I know this is the library creating the issue, because in our project we use opencv-3.3 statically linked against it. Sadly, the repository we're using does not have debug symbols for MRPT either:

libmrpt-base1.9 - Mobile Robot Programming Toolkit - base library
libmrpt-detectors1.9 - Mobile Robot Programming Toolkit - detectors library
libmrpt-graphs1.9 - Mobile Robot Programming Toolkit - graphs library
libmrpt-graphslam1.9 - Mobile Robot Programming Toolkit - graphslam library
libmrpt-gui1.9 - Mobile Robot Programming Toolkit - gui library
libmrpt-hmtslam1.9 - Mobile Robot Programming Toolkit - hmtslam library
libmrpt-hwdrivers1.9 - Mobile Robot Programming Toolkit - hwdrivers library
libmrpt-kinematics1.9 - Mobile Robot Programming Toolkit - kinematics library
libmrpt-maps1.9 - Mobile Robot Programming Toolkit - maps library
libmrpt-nav1.9 - Mobile Robot Programming Toolkit - nav library
libmrpt-obs1.9 - Mobile Robot Programming Toolkit - obs library
libmrpt-opengl1.9 - Mobile Robot Programming Toolkit - opengl library
libmrpt-slam1.9 - Mobile Robot Programming Toolkit - slam library
libmrpt-tfest1.9 - Mobile Robot Programming Toolkit - tfest library
libmrpt-topography1.9 - Mobile Robot Programming Toolkit - topography library
libmrpt-vision1.9 - Mobile Robot Programming Toolkit - vision library
libmrpt-comms1.9 - Mobile Robot Programming Toolkit - comms library

And even worse:

nm -C libmrpt-base.so
nm: libmrpt-base.so: no symbols

And this is where the journey ends.

What are my options?

  • use another version of mrpt?
  • compile mrpt with debug symbols?
  • compile opencv-2.4 with debug symbols?

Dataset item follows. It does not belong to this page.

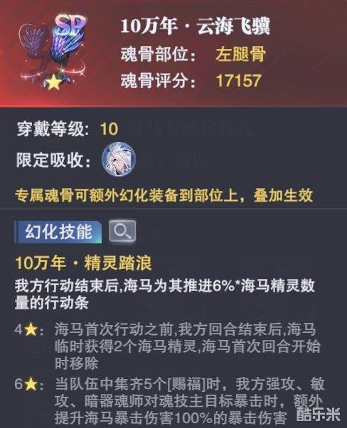 首先是230抽的左腿专属魂骨,这款魂骨的价值主要是体现在PVP战斗中,其中基础的推进行动条效果就可以为我们提供非常可观的行动频率提升,当大家的海梦精灵集齐6只以后(战斗中围绕在海马建模旁的海梦精灵数量最多是4只,但其实这个技能最高可以召唤6只海梦精灵,大家不要被战斗特效也骗了),36%行动条推动效果基本上就是我方魂师行动结束,其便会出现在右侧行动条的差不多中间位置,这从视觉上就已经够能带来冲击的了,大家去感受一下即可。
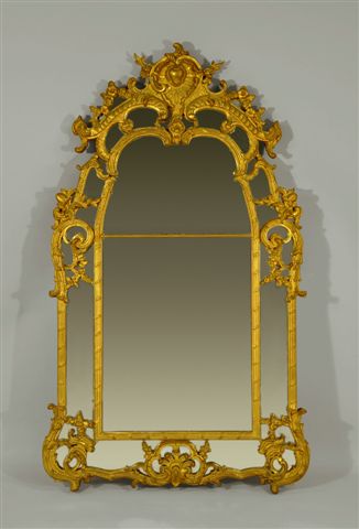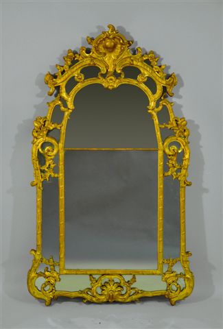 Deux MIROIRS à parecloses pouvant former paire en bois sculpté et plâtre doré. Le fronton orné d'une coquille et de godrons, l'encadrement de guirlandes de fleurs et de rinceaux feuillagés, la base figurant une palmette stylisée.

Any help, hints or tips are greatly appreciated. If this question is too localized, does not conform to SO standards, please leave a comment and I will update it.

2

There are 2 answers

1
Jose Luis Blanco On BEST ANSWER

My first guess is that you might be getting this issue due to the use of two opencv versions at once... Try building mrpt from sources telling CMake to use the same opencv version you use for the main project.

mrpt-base does not directly use anything from highgui (although...it's linked against it! That should be fixed, four sure), so I suspect the error has to do with the initialization of static variables in opencv modules and something wrong with the linker...

Cheers

3
Paul Floyd On

Not really an answer, but comments aren't good for formatting code. The latest opencv on github has the following source

void cv::String::deallocate()
{
    int* data = (int*)cstr_;
    len_ = 0;
    cstr_ = 0;

    if(data && 1 == CV_XADD(data-1, -1))
    {
        cv::fastFree(data-1);
    }
}

(which is probably more recent than your version).

It looks like this is storing strings as a reference count in the first 4 bytes followed by the nul terminated string. The if condition checks that the pointer isn't NULL then it looks like it's going an atomic decrement of the ref count and freeing the memory if the count falls to 1.